Modelled as a crouching lion with head raised and a trumpet-shaped aperture to the back, covered overall in an olive-green glaze.
Provenance
This is illustrated and catalogued in Chinese Ceramics in the Carl Kempe Collection, Stockholm, 1964, by Bo Gyllensvard, pl 16, where it is described as 16. Candlestick in the shape of a crouching lion with a holder on his back. Carved and incised details. Yueh yao. Found at Shao-hsing, Chekiang. Height 80 mm, Length 126 mm, Six dynasties (220 to 589 AD).It is also illustrated together with our candlestick, AW36, on p. 28 where they are photographed together
Literature
According to Bo Gyllensvard in Chinese Ceramics in the Carl Kempe Collection, these candlesticks probably come from a site discovered by and written about by A.E. Brankston, Yueh-ware of the Nine Rocks kilns, The Burlington Magazine, Volume LXXIII, December 1938.
The British Museum has a comparable figure (theirs catalogued as a brushwasher), also dated to the Six Dynasties period (265 - 589), museum number 1943,0215.6.
For a very similar example of a lion candlestick in Yueh ware from the Cuncliffe Collection, see plate 9b, p 49, G. St. G.M. Gompertz, Chinese Celadon Wares, Faber Monograph series, London, 1980, Revised Edition. Gompertz questions if this was indeed a lion candlestick or could have been a water vessel.

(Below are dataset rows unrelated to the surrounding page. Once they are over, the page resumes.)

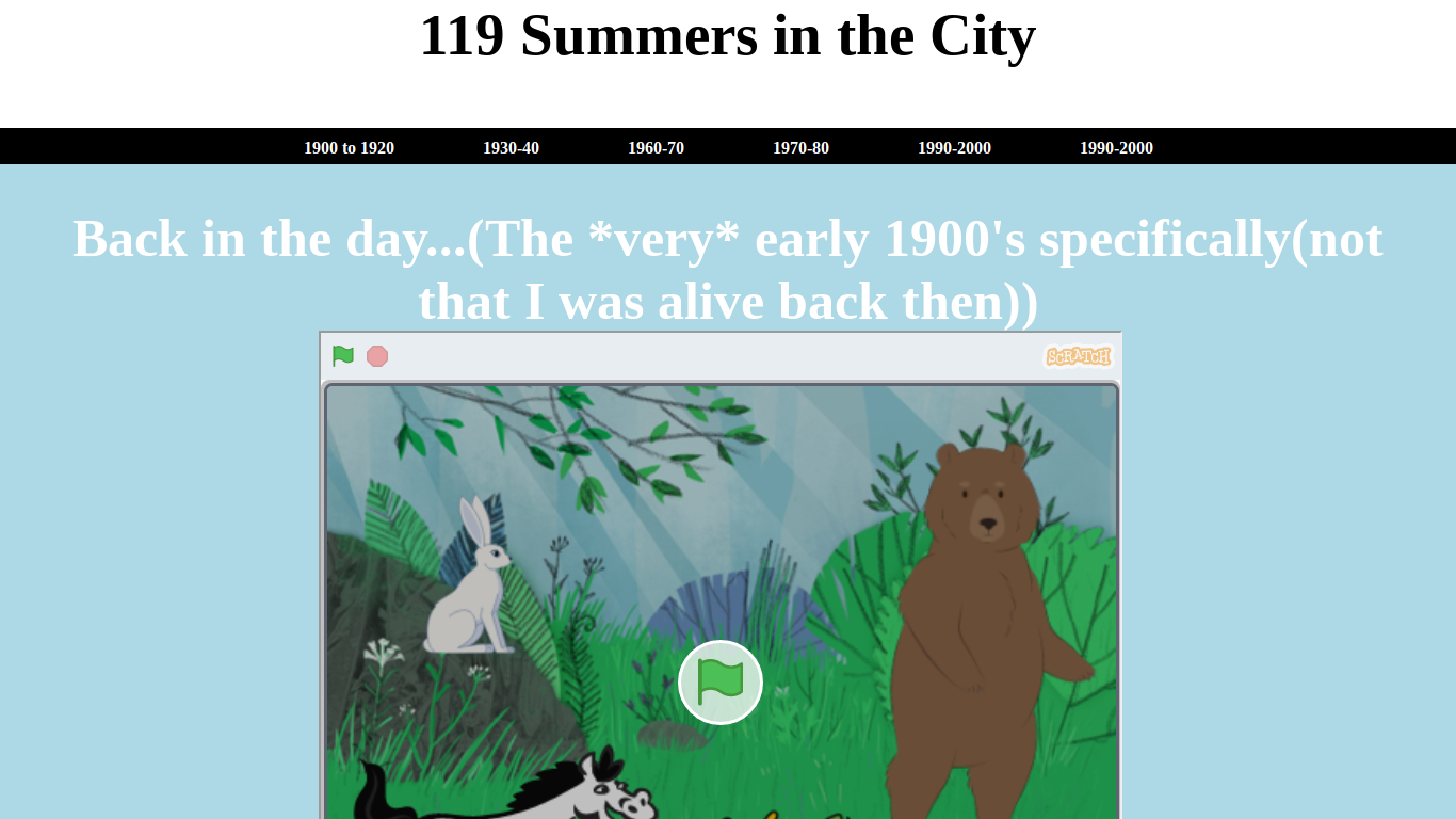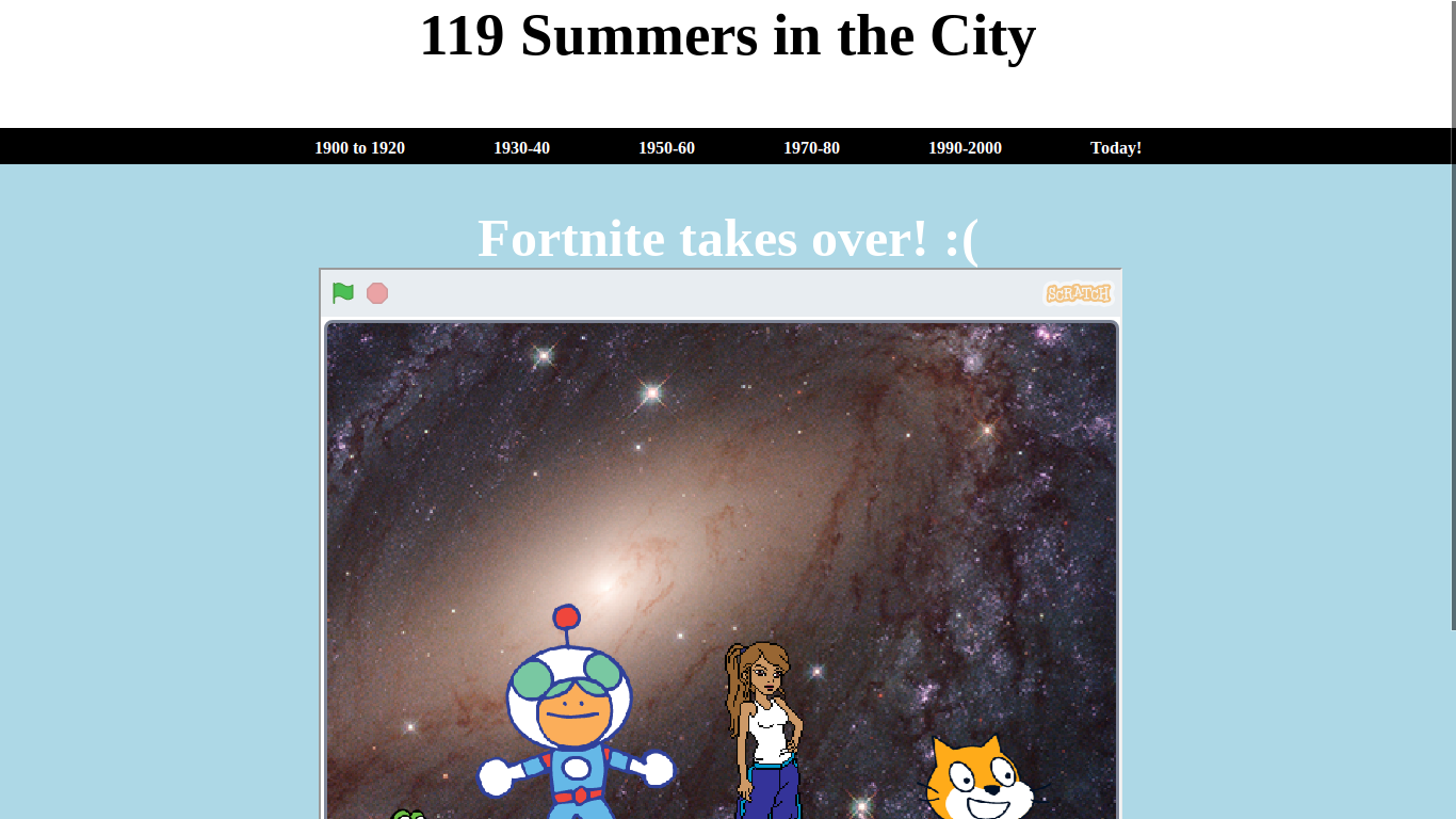 Our project is a website that has Scratch projects embedded in it (one Scratch project per 2 decades) that goes all the way from 1900 to now.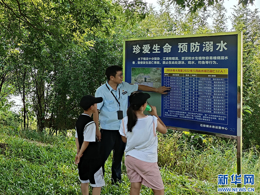 网格管理员陈镇海向群众讲解擅自野外游泳的风险。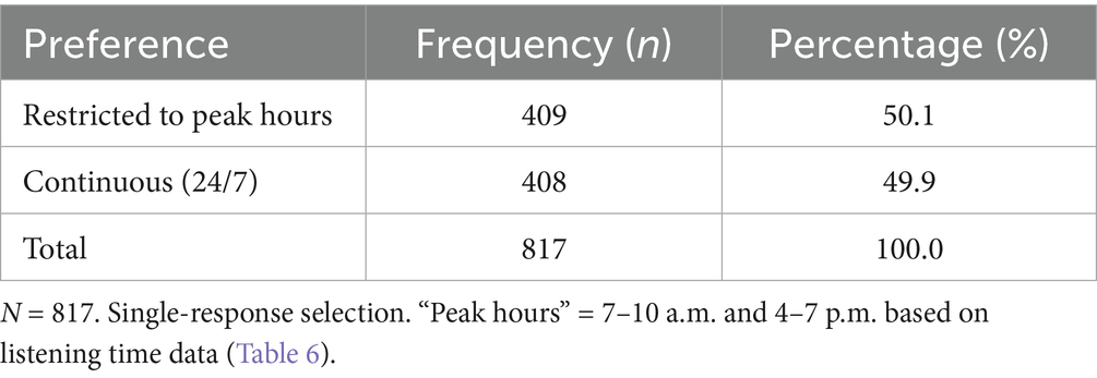 Student preferences for online broadcast scheduling revealed a near-even split, highlighting a critical dichotomy in listener expectations (Table 4). Half of the respondents (50.1%, n = 409) preferred live broadcasts restricted to peak hours, suggesting a demand for curated, time-bound programming aligned with daily routines. Conversely, 49.9% (n = 408) supported continuous 24/7 streaming, reflecting a desire for unrestricted access and on-demand flexibility. This divergence underscores a strategic challenge for university radio services in balancing structured content delivery with the growing expectation for digital immediacy.

Gompertz also refers to a poem composed by the Tang poet Hsu Yin, in appreciation of Yueh ware and we quote:
Like bright moons cunningly carved and dyed with spring water:
Like curling disks of thinnest ice, filled with green clouds:
Like ancient moss-eaten bronze mirrors lying upon the mat:
Like tender lotus leaves full of dewdrops floating on the river-side.